Dois exemplares de palmeira ouricuri albinas foram identificados na Estação Ecológica (Esec) Rio Acre, no interior do estado, durante uma expedição científica. O registro é considerado raro, já que a ausência de clorofila impede a fotossíntese e torna a sobrevivência dessas plantas dependente de um ambiente ecologicamente equilibrado.
As palmeiras foram localizadas durante atividade de campo realizada em parceria entre a Universidade Federal do Rio de Janeiro (UFRJ) e a Universidade Federal do Acre (Ufac), com apoio do Instituto Chico Mendes de Conservação da Biodiversidade (ICMBio). A descoberta ocorreu em uma unidade de conservação federal de proteção integral, onde a visitação é restrita a fins educacionais e científicos.
Segundo a pesquisadora Rita Portela, professora do Programa de Pós-Graduação em Ecologia da UFRJ, o nível de conservação da área é determinante para a ocorrência do fenômeno. “Nunca estive em uma unidade tão bem conservada. Isso propicia uma maior variabilidade de metabolismo e de fisiologia dos indivíduos de uma espécie”, afirmou. De acordo com ela, os registros de albinismo em plantas, até então, estavam associados principalmente a cultivos, como tabaco e cacau, ou a espécies mantidas em laboratório.
A ouricuri é considerada um recurso importante no ecossistema local, servindo de alimento para diversas espécies da fauna, como araras e macacos.

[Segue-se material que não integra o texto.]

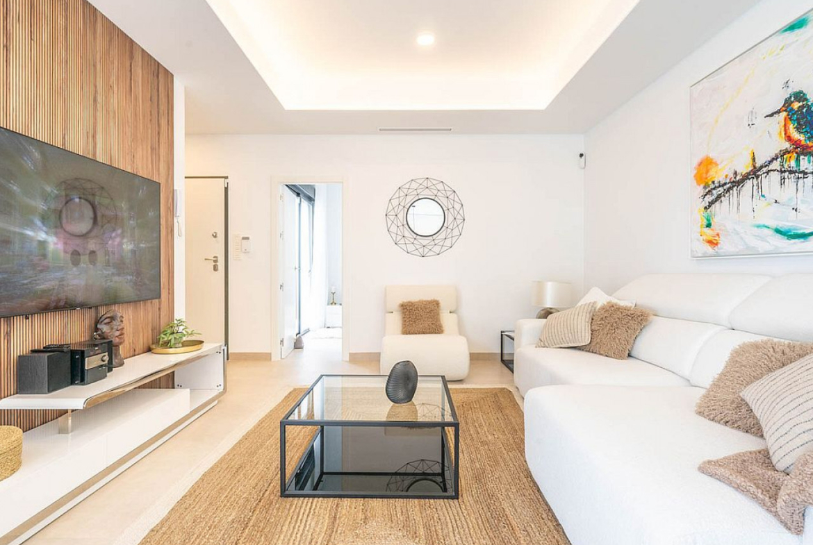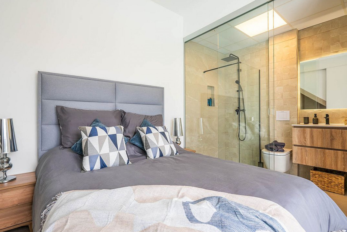 Šį nuostabią dviejų arba trijų miegamųjų būstą sudaro erdvi svetainė / valgomasis su lauko durimis, iš kurių patenkama į sodą su privačiu baseinu, atviro plano virtuvė su įmontuota buitine technika, pagrindinis miegamasis su įmontuotomis spintomis ir vonios kambarys, vienas arba du papildomi dviviečiai miegamieji su įmontuotomis spintomis ir pilnai įrengtas svečių vonios kambarys.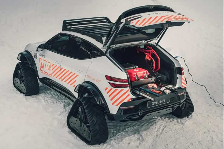 捷尼赛思GV60山地救援概念车将传统橡胶轮胎更换为雪地履带,并配备多项专业功能,包括运动型座椅、医疗用品、应急通信与预警系统等,可支持极端条件下的山地救援行动。大型碳纤维挡泥板可确保行人和车内人员的安全,同时保护车辆免受损坏。为提升承载与储物能力,车顶加装定制的重型行李架,后舱门行李架则配备了可安装各种设备的模块化连接点。此外,捷尼赛思GV60山地救援概念车还配备了车辆外放电系统,可为外部设备提供电力支持,在无基础设施的野外环境中极具实用价值。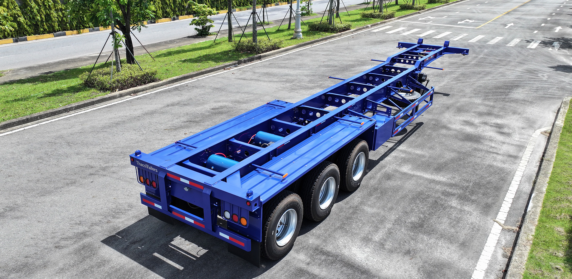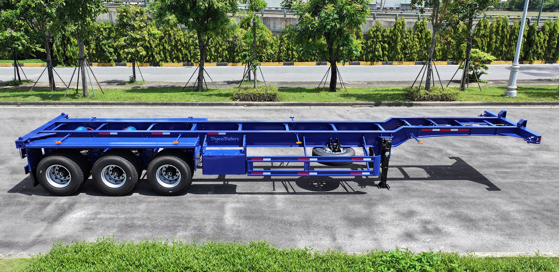 Sơ mi rơ moóc Xương cổ cò Thaco Trailers 40’ 3 trục 4 khóa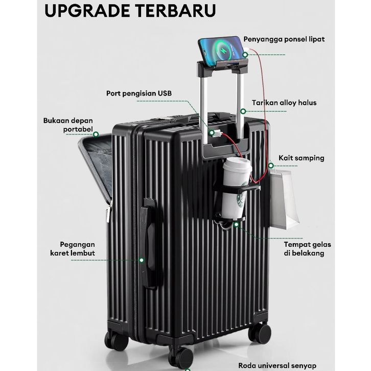 Koper 20 Inci Koper 16 Inci Bagasi Kabin Kompartemen Laptop Tempat Gelas Pengisian Daya USB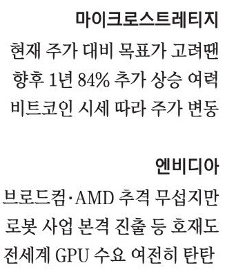 월가 투자은행들은 마이크로스트레티지·엔비디아·마이크로소프트(MS)·알파벳(구글)·아마존·브로드컴에 대해선 현재 주가 대비 목표 주가까지 상승 여력이 남아 있다고 본다. 반면 애플·아이온큐·테슬라·팰런티어에 대해선 현 주가가 이미 월가 목표 주가를 뛰어넘어 잠재 수익률이 떨어진다고 추정한다.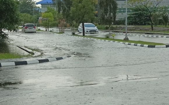 PENGAMATAN di lokasi menunjukkan bahwa genangan air cukup dalam, terutama di bagian depan area kampus ULM.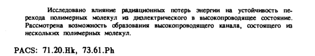 Исследовано влияние радиационных потерь энергии на устойчивость перехода полимерных молекул из диэлектрического в высокопроводящее состояние. Рассмотрена возможность образования высокопроводящего канала, состоящего из нескольких полимерных молекул. PACS: 71.20.Hk, 73.61.Ph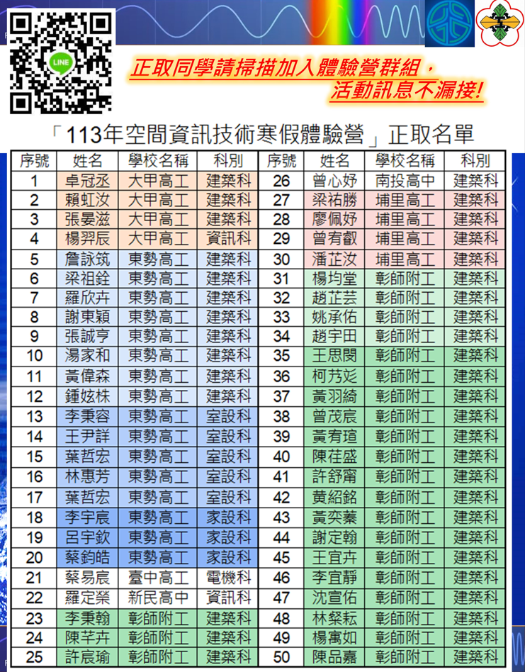 113年空間資訊技術寒假體驗營-活動訊息及正取名單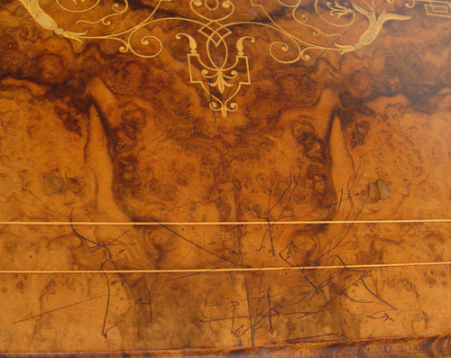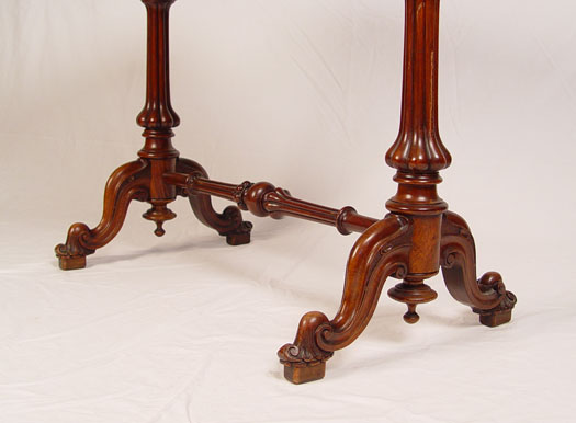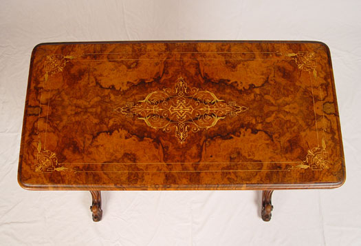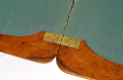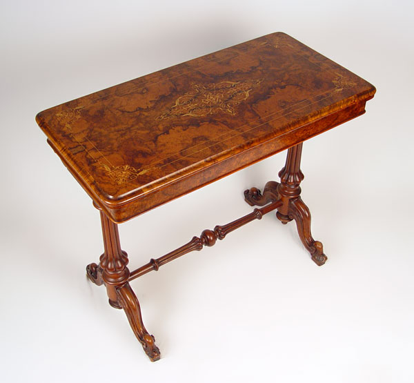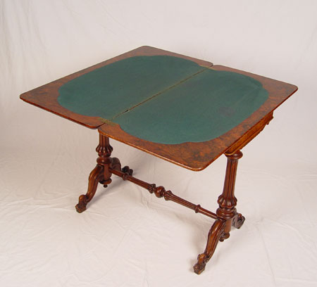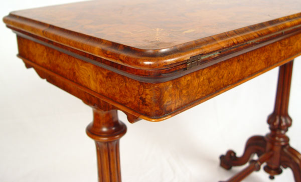 HIGH VICTORIAN BURLED GAME TABLE: Herter Bros. attribution. Victorian period inlay table, flip and swing top with felt on the underside. Two pedestal legs joined by a carved stretcher. 29'' high x 26 1/2'' wide x 18''.

No entanto, o albinismo representa um desafio biológico, pois a falta de clorofila impede que a planta realize o processo natural de produção de energia por meio da fotossíntese.
Monitoramento e apoio à pesquisa
Após a identificação dos exemplares, a equipe da Esec Rio Acre informou que os agentes temporários da unidade irão acompanhar a evolução das palmeiras albinas, observando as condições de sobrevivência ao longo do tempo.
A missão científica contou com financiamento do Programa Áreas Protegidas da Amazônia (Arpa), coordenado pelo Ministério do Meio Ambiente e da Mudança do Clima (MMA), com gestão financeira do Fundo Brasileiro para a Biodiversidade (Funbio). O programa apoia atualmente 120 unidades de conservação federais e estaduais na Amazônia brasileira, incluindo ações de pesquisa, gestão e fiscalização.
Sobre a Esec Rio Acre
Criada em 1981, a Estação Ecológica Rio Acre protege uma área de quase 80 mil hectares. Classificada como floresta ombrófila aberta, a unidade apresenta forte presença de palmeiras e bambus e mantém acesso restrito, com interferência humana limitada a ações de restauração, preservação ecológica e coleta de material para fins científicos.
Registros recentes de onças-pintadas em comportamento de caça também foram feitos na área, indicando a manutenção do equilíbrio ecológico na unidade de conservação.